“Too many people still mistake secrets for intelligence,” says Stephen Mercado, an analyst in the Directorate of Science and Technology at the CIA. OSINT, or open source intelligence, has been both a boon and an Achilles’ heel for intelligence communities for decades. While certain public information may seem harmless, OSINT collected for malicious purposes can prove devastatingly efficient when devising attacks, especially in the hands of an experienced social engineer.
OSINT refers to the wide range of information collected from publicly available sources: print and broadcast media, academic texts, and more recently, social media, blogs, forums, and more.
In the recent past, OSINT has helped every major world power gather intel on adversaries in conflicts from WWII, to the Korean and Vietnam wars, to the Cold War. Sources have evolved from print publications obtained by foreign agents (the US aerospace publication Aviation Week — dubbed “Aviation Leak” for its scoops — was a “perennial favorite,” according to Mercado) to radio, and finally to the Internet, today’s unequivocal fire hose of information.

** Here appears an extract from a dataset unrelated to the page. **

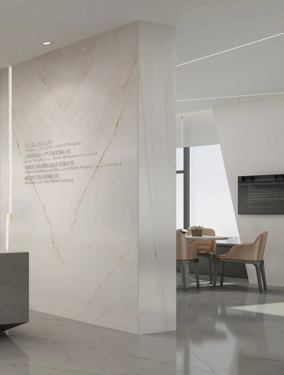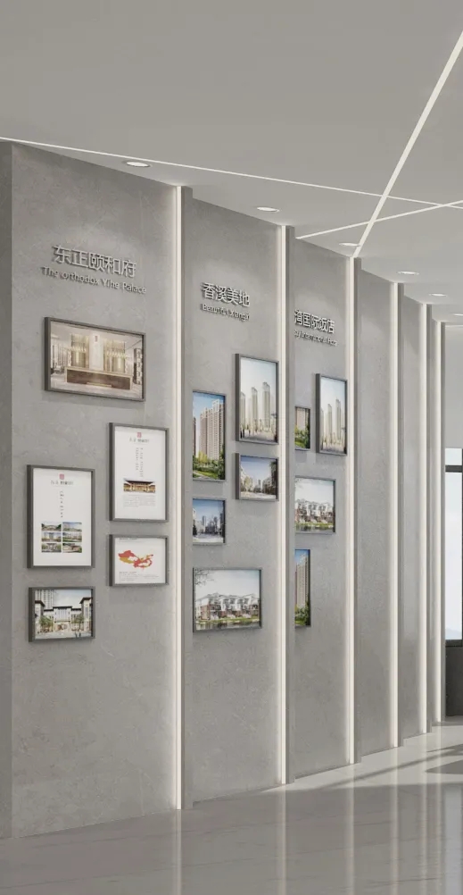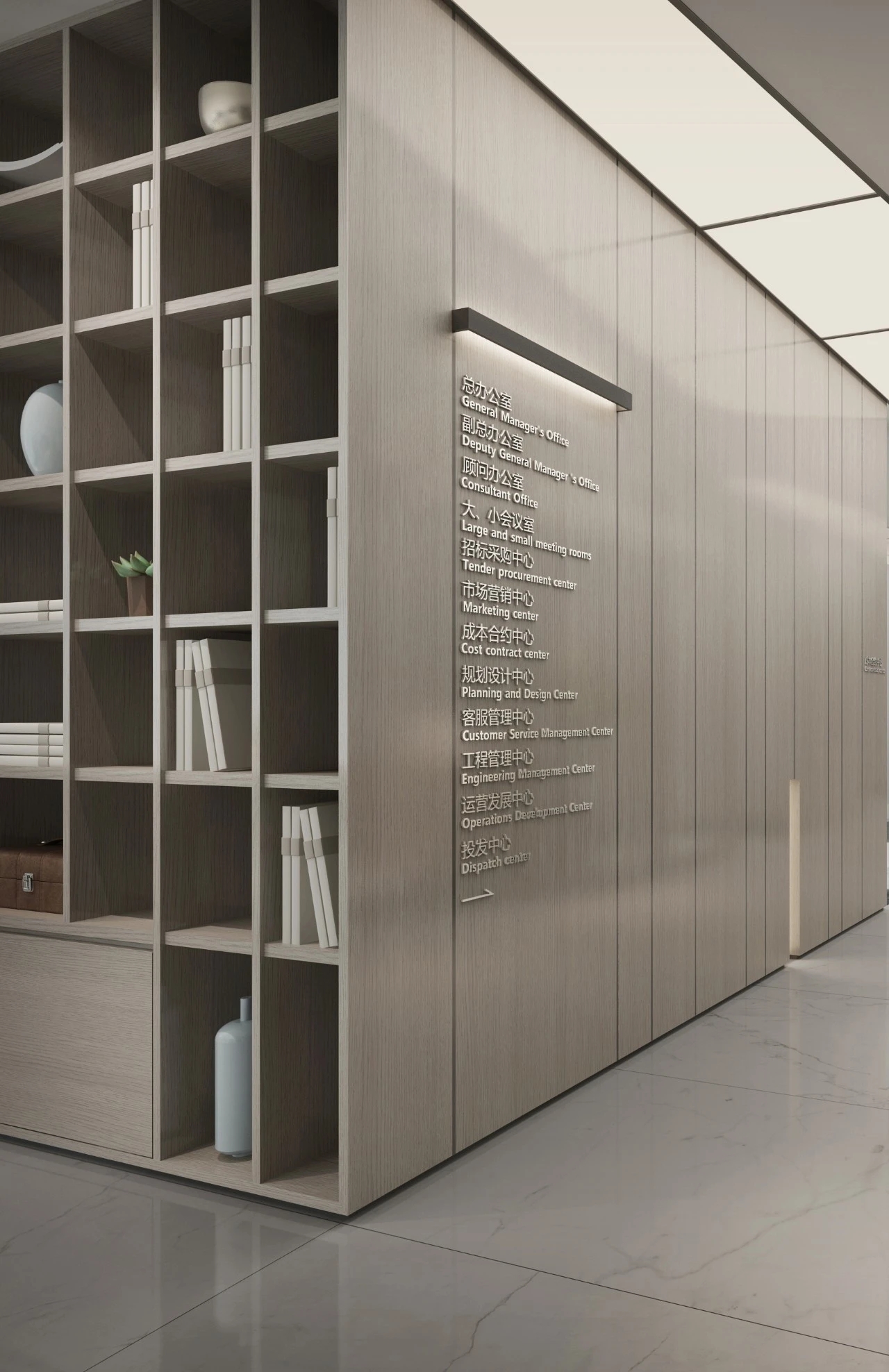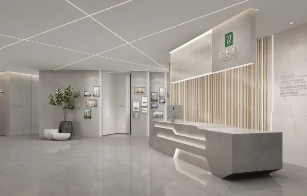前台和前厅背景墙是展示公司形象和风范的窗口,设计风格使用现代元素,相互融合简洁的线条以及色彩相互融合,来呈现出简单大气的空间氛围

The Internet not only provides its own wealth of information, it also makes obtaining other sources of OSINT easier than ever. “During the Second World War, Dr. Fairbank traveled far and at great expense to gather Japanese publications in China and send them to Washington,” writes Mercado. “Today, anyone, anywhere can order Japanese media with a click of the mouse from amazon.co.jp or other online merchants and receive the orders by express air shipment.”
But with great ease comes great vulnerability. Attackers who are aiming to break into your network won’t read a few newspaper articles and call it day. Numerous tools freely available on the Internet can assist anyone interested in gathering OSINT. Infosec Institute has a brief list, which includes specific information-gathering tools and data such as Maltego, and WHOIS data, as well as multidisciplinary tools like socialmention and NewsNow, which are primarily sales and marketing sites. (Another list is available here.)

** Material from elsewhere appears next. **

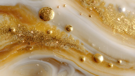 This abstract image showcases a mesmerizing blend of gold and white swirls with a glittery texture. Ideal for elegant design projects and wallpapers.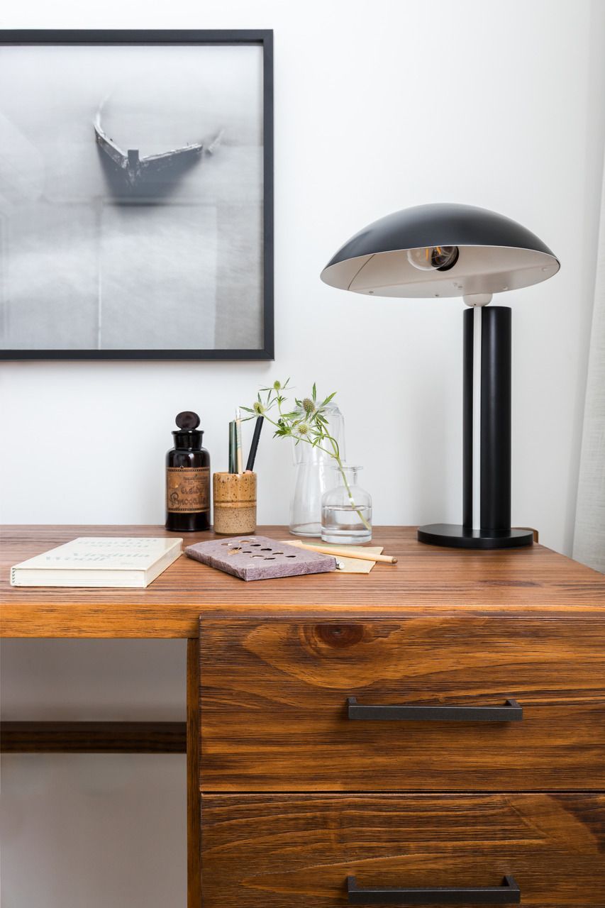 A suíte, ampliada durante a reforma, ganhou um espaço de home office essencial para a rotina do morador. Com tons claros e uma escrivaninha de madeira, o ambiente é ao mesmo tempo prático, elegante e acolhedor.

Social engineers in particular are likely to make use of OSINT. Dale Pearson, writing for subliminalhacking.net, comments: “the use of both open source intelligence and acquired information, allows for individuals and groups involved in cyber crime to fuel their knowledge and power influence and manipulate their targets to achieve the required illusion of trust with their target.”
He continues, “The information gathered on a target allows the attacker to create a pretty accurate profile of their target, and potentially of that of their families and friends, as well as their interests both publicly and privately. The aim here is to either act as an individual of trust, or create a pre-text that will be considered trustworthy to aid in achieving their goals.”
According to social-engineer.org, “social engineering is a vector used in [more than] 66 percent of all attacks by hackers, hacktivists, and nation states,” and OSINT enables attackers to be more believable to unsuspecting employees.
However, defenders can make use of OSINT as well — to both understand what information is available to attackers, and how to educate employees and users on what information can be safely shared online. CSO Online statistics show that “the average U.S. company spends $15 million a year battling cybercrime.” Managing OSINT related to your business can help reduce the leverage bad actors have when attempting to infiltrate your networks.
OSINT is, according to Arthur Hulnick, a former CIA officer, “neither glamorous nor adventurous.” However, “open sources are nonetheless the basic building block for secret intelligence.” While not the sexiest intel on the market, OSINT can be highly effective for attackers. What constitutes sensitive information is different for everyone, so make sure your security team regularly communicates with employees about posting information in forums or on social media channels, and monitors all channels for sensitive data. Hackers want to infiltrate your castle — don’t make it easier by handing them the keys.